When I click on a Group or a Device in USM and then select the Monitoring Tab how come I can't see my profile template?

  1. Have you installed the mon_config_service_templates package?

    1. To check connect to your database and execute the sql statement

      select from ssrv2template
  2. For the profile template in question is the <packagetemplates> element defined?
    1. To check connect to your database and execute the sql statement

      select from ssrv2packagetemplate
      where template = (select templateId from SSRV2Template where templateName = '<your template name>' and production = 1
      1. If the result of the above query DOES NOT return a single record 

        1. Add the following to your template definition.

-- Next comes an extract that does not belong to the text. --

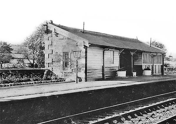 This undated photograph shows the waiting shelter on the west (down) platform of Longhoughton station. The pent-roof structure is of sandstone, with prominent quoins, and it is thought that it was originally open-fronted, the NER later enclosing it with timber and glass. The building survived into the 1950s but was replaced with a simpler structure a few years before the station closed.

          <packagetemplates>
             <packageName>Server</packageName>
             <!-- If your probe monitors remote systems then set the nimbus_type value to 0 -->
             <nimbus_type>1</nimbus_type>
             <!-- Does your probe work on multiple operating systems then don't specify os_type -->
             <os_type>Windows</os_type>
             <defaultTemplate>false</defaultTemplate>
           </packagetemplates>
        2. Be sure to the root template and all child template <version> elements to ensure the template will be imported.
      2. If the result of the above query returns a single record
        1. Is the value of the os_type field set and does it match either the os_type of the Device you have selected or the os_type of the Device selected as the Device Type for the selected Group?
          1. To check the Device connect to your database and execute the sql statement

            select from ssrv2packagetemplate
            where template = (select templateId from SSRV2Template where templateName = '<your template name>' and production = 1) and
                  os_type = (select os_type from cm_computer_system where caption = '<name as seen in usm>' or name '<name as seen in usm>' or ip = '<devices ip address>')
          2. To check the Group connect to your database and execute the sql statement

            select from ssrv2packagetemplate
            where template = (select templateId from SSRV2Template where templateName = '<your template name>' and production = 1) and
                  os_type = (select os_type from cm_computer_system where cs_id = (select model_device from SSRV2DeviceGroup where name '<selected group name>'))
        2. Is the value of the nimbus_type field set and is it greater than or equal to the nimbus_type of the Device you have selected or the nimbus_type of the Device selected as the Device Type for the selected Group?
          1. To check the Device connect to your database and execute the sql statment

            select from ssrv2packagetemplate
            where template = (select templateId from SSRV2Template where templateName = '<your template name>' and production = 1) and
                  nimbus_type >= (select nimbus_type from cm_computer_system where caption = '<name as seen in usm>' or name '<name as seen in usm>' or ip = '<device's ip address>')
          2. To check the Group connect to your database and execute the sql statement

            select from ssrv2packagetemplate
            where template = (select templateId from SSRV2Template where templateName = '<your template name>' and production = 1) and
                  nimbus_type >= (select nimbus_type from cm_computer_system where cs_id = (select model_device from SSRV2DeviceGroup where name '<selected group name>'))
        3. Has the Device you have selected or the Device selected as the Device type for the selected Group been assigned the value of the <packageName> element for the profile template in question?
          1. To check the Device connect to your database and execute the sql statment

            select from ssrv2packagetemplate pt
            left join SSRV2Template t on t.templateId = pt.template
            left join SSRV2DevicePackage dp on dp.package = pt.package
            left join CM_COMPUTER_SYSTEM cs on cs.cs_id = dp.cs_id
            where t.templateName = '<your template name>' and  t.production = 1 and (cs.caption = '<name as seen in usm>' or cs.name '<name as seen in usm>' or cs.ip = '<device's ip address>')
          2. To check the Group connect to your database and execute the sql statement

            select from ssrv2packagetemplate pt
            left join SSRV2Template t on t.templateId = pt.template
            left join SSRV2DevicePackage dp on dp.package = pt.package
            left join CM_COMPUTER_SYSTEM cs on cs.cs_id = dp.cs_id
            left join SSRV2DeviceGroup dg on dg.model_device = cs.cs_id
            where t.templateName = '<your template name>' and  t.production = 1 and dg.name '<selected group name>'

Profile Deployment

Why did my new or updated Device Profile end up in an error state?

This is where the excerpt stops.